**Your goal:** An exact copy of all the data, minus the images, is required.

**Data provided:**

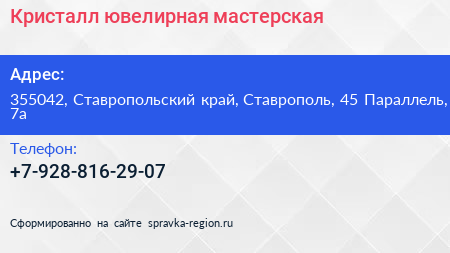 Кристалл, ювелирная мастерская по адресу 355042, Ставропольский край, Ставрополь, 45 Параллель, 7а в дальнейшем Организация, размещена в следующих категориях:
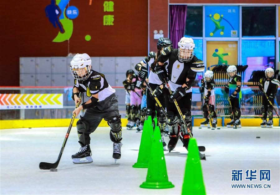8月5日,冰球队的队员在仿真冰场热身训练。 正值暑期,河北省邯郸市邯山区美的小学冰球队在室内仿真冰场展开集中训练,在“冰场”上享受假期生活。2020年5月,河北省邯郸市邯山区建成一个500平方米的室内仿真冰场,冰场配建24米冰壶场地1块,配备冰球、滑冰装备100套,为当地喜欢冰上运动的青少年提供了方便。 新华社记者 王晓 摄
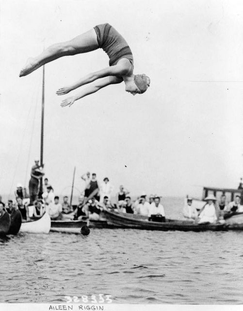 Images > aquatics > Aileen Riggin, Olympic diving champ, at aquatic carnival of the Huguenot Boat Club, New Rochelle, N.Y.. The image is drawn from the US Library of Congress's collections. Believed to be in the public domain - LOC lists no known restrictions on publication.
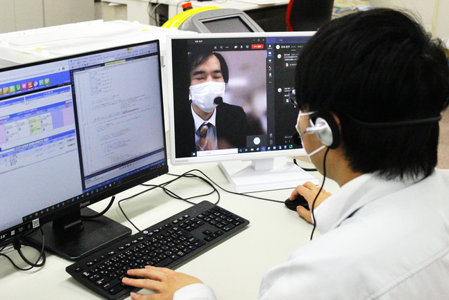 部門内で拠点が異なっていても、下図の写真のようにWeb会議やグループウェアシステムを利用してマネジメント行い、人員の配置も容易にする取り組みを行っています。
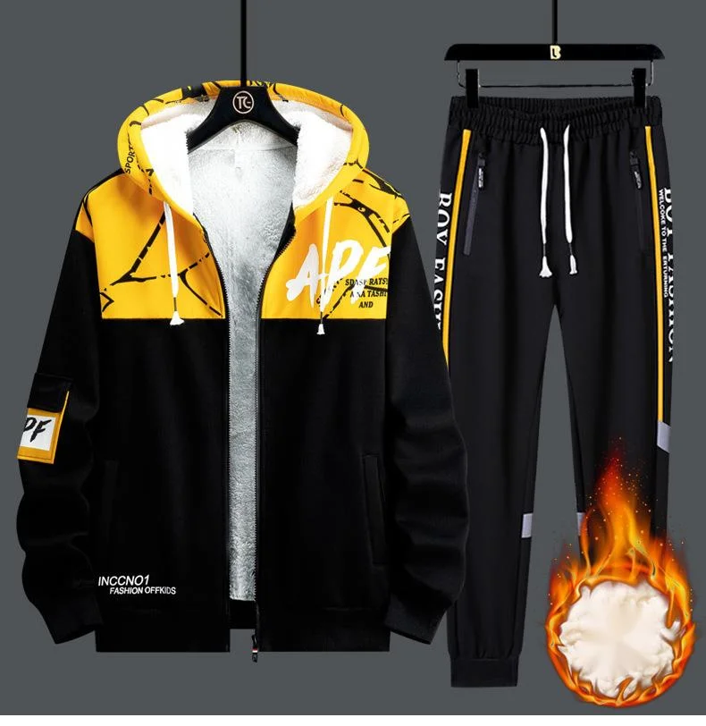 Новинка 2022, спортивный костюм для мужчин, зимний теплый свитшот на молнии, спортивные штаны, кардиган, Модные свитшоты из 2 предметов, спортивный костюм для студентов и мужей
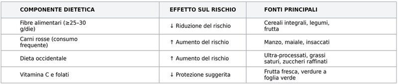 Le evidenze disponibili supportano un ruolo centrale della dieta nella gestione della diverticolosi e nella prevenzione delle complicanze. Un adeguato apporto di fibre, soprattutto da fonti vegetali integrali, si associa a riduzione del rischio di diverticolite e ospedalizzazione, mentre un consumo elevato di carni rosse e un pattern occidentale risultano correlati a maggiore probabilità di eventi acuti (4, 8).
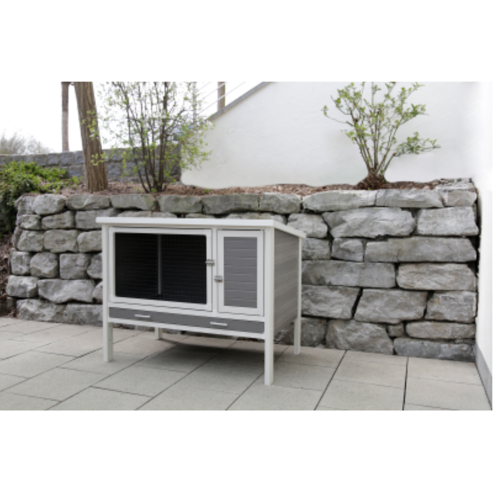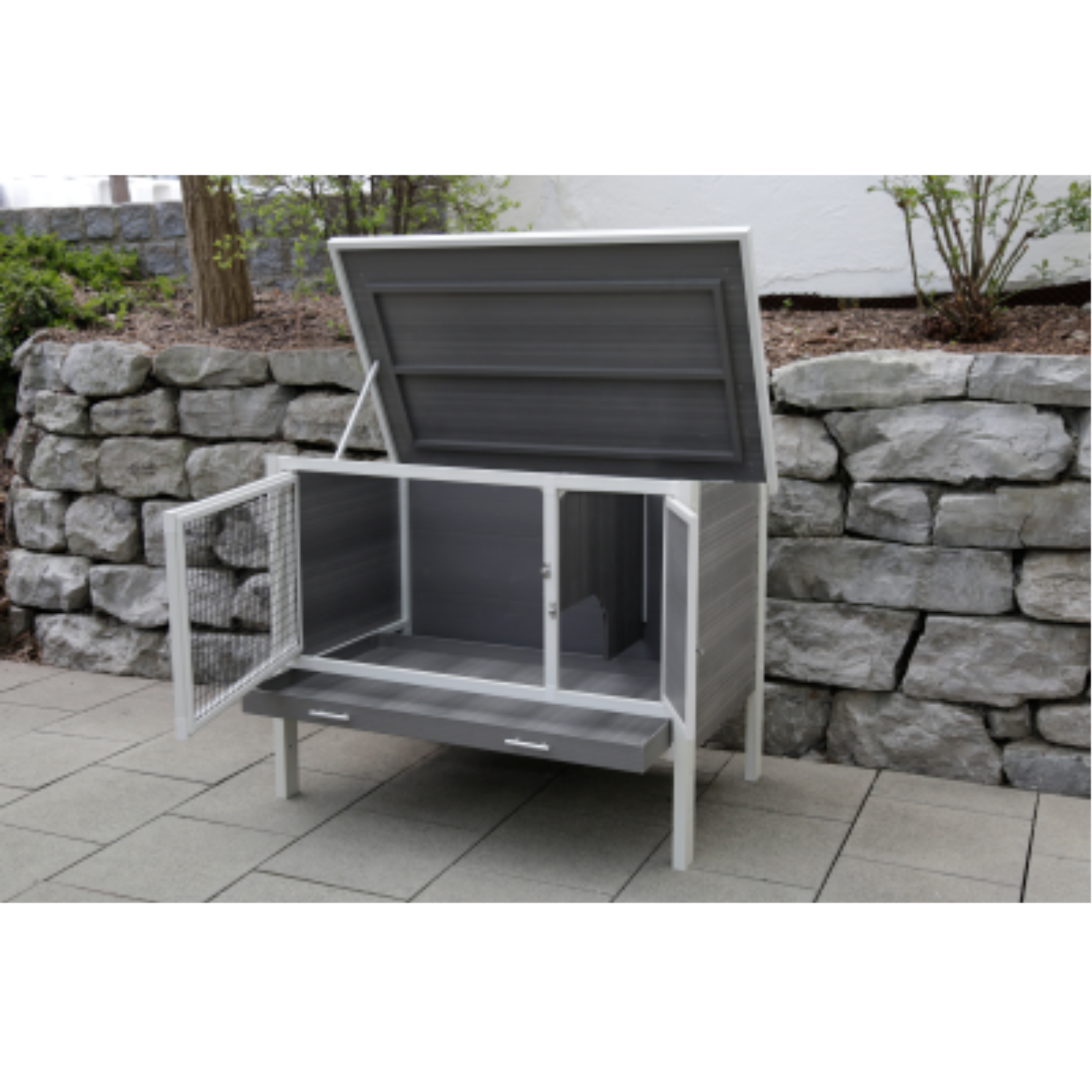 Dieser hochwertige Stall ist die ideale Wahl für Nagetiere wie Hamster, Ratten und andere Kleintiere. Funktionales Design für Ihre NagetiereZwei separat zu öffnende Türen bieten flexiblen Zugang und erleichtern die Versorgung Ihrer Tiere.Ein Durchschlupf zum Ruhebereich ermöglicht den Nagern, sich jederzeit zurückzuziehen und ungestört auszuruhen.Einfache ReinigungDie herausziehbare Kunststoffwanne mit einer Höhe von 5 cm macht die Reinigung besonders bequem und sorgt für eine hygienische Umgebung im Stall.Wetterfestes und praktisches DachDas aufklappbare Dach mit Fixierung erleichtert den Zugang und bietet zusätzliche Flexibilität bei der Pflege und Reinigung.Schnelle MontageDank vorgebohrter Löcher und Gewinde ist die Montage besonders einfach. Eine Aufbauanleitung liegt der Lieferung bei, sodass der Stall schnell einsatzbereit ist.Maße: 125 x 83 x 24 cmLieferung: Zerlegt im Karton inkl. Anbauleitung
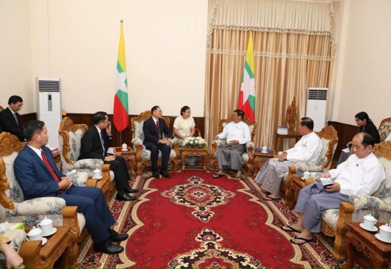U Than Swe, Union Minister for Foreign Affairs of the Republic of the Union of Myanmar, received Mr Chanthavong Seneamatmontry, Chairman of the Lao-Myanmar Friendship Association (Vice-Chairperson of the Foreign Affairs Committee, National Assembly of Lao PDR) and members, at the Ministry of Foreign Affairs in Nay Pyi Taw yesterday.

**Solution:**
 Кристалл, ювелирная мастерская по адресу 355042, Ставропольский край, Ставрополь, 45 Параллель, 7а в дальнейшем Организация, размещена в следующих категориях:
8月5日,冰球队的队员在仿真冰场热身训练。 正值暑期,河北省邯郸市邯山区美的小学冰球队在室内仿真冰场展开集中训练,在“冰场”上享受假期生活。2020年5月,河北省邯郸市邯山区建成一个500平方米的室内仿真冰场,冰场配建24米冰壶场地1块,配备冰球、滑冰装备100套,为当地喜欢冰上运动的青少年提供了方便。 新华社记者 王晓 摄
 Images > aquatics > Aileen Riggin, Olympic diving champ, at aquatic carnival of the Huguenot Boat Club, New Rochelle, N.Y.. The image is drawn from the US Library of Congress's collections. Believed to be in the public domain - LOC lists no known restrictions on publication.
 部門内で拠点が異なっていても、下図の写真のようにWeb会議やグループウェアシステムを利用してマネジメント行い、人員の配置も容易にする取り組みを行っています。
 Новинка 2022, спортивный костюм для мужчин, зимний теплый свитшот на молнии, спортивные штаны, кардиган, Модные свитшоты из 2 предметов, спортивный костюм для студентов и мужей
 Le evidenze disponibili supportano un ruolo centrale della dieta nella gestione della diverticolosi e nella prevenzione delle complicanze. Un adeguato apporto di fibre, soprattutto da fonti vegetali integrali, si associa a riduzione del rischio di diverticolite e ospedalizzazione, mentre un consumo elevato di carni rosse e un pattern occidentale risultano correlati a maggiore probabilità di eventi acuti (4, 8).
 Dieser hochwertige Stall ist die ideale Wahl für Nagetiere wie Hamster, Ratten und andere Kleintiere. Funktionales Design für Ihre NagetiereZwei separat zu öffnende Türen bieten flexiblen Zugang und erleichtern die Versorgung Ihrer Tiere.Ein Durchschlupf zum Ruhebereich ermöglicht den Nagern, sich jederzeit zurückzuziehen und ungestört auszuruhen.Einfache ReinigungDie herausziehbare Kunststoffwanne mit einer Höhe von 5 cm macht die Reinigung besonders bequem und sorgt für eine hygienische Umgebung im Stall.Wetterfestes und praktisches DachDas aufklappbare Dach mit Fixierung erleichtert den Zugang und bietet zusätzliche Flexibilität bei der Pflege und Reinigung.Schnelle MontageDank vorgebohrter Löcher und Gewinde ist die Montage besonders einfach. Eine Aufbauanleitung liegt der Lieferung bei, sodass der Stall schnell einsatzbereit ist.Maße: 125 x 83 x 24 cmLieferung: Zerlegt im Karton inkl. Anbauleitung
U Than Swe, Union Minister for Foreign Affairs of the Republic of the Union of Myanmar, received Mr Chanthavong Seneamatmontry, Chairman of the Lao-Myanmar Friendship Association (Vice-Chairperson of the Foreign Affairs Committee, National Assembly of Lao PDR) and members, at the Ministry of Foreign Affairs in Nay Pyi Taw yesterday.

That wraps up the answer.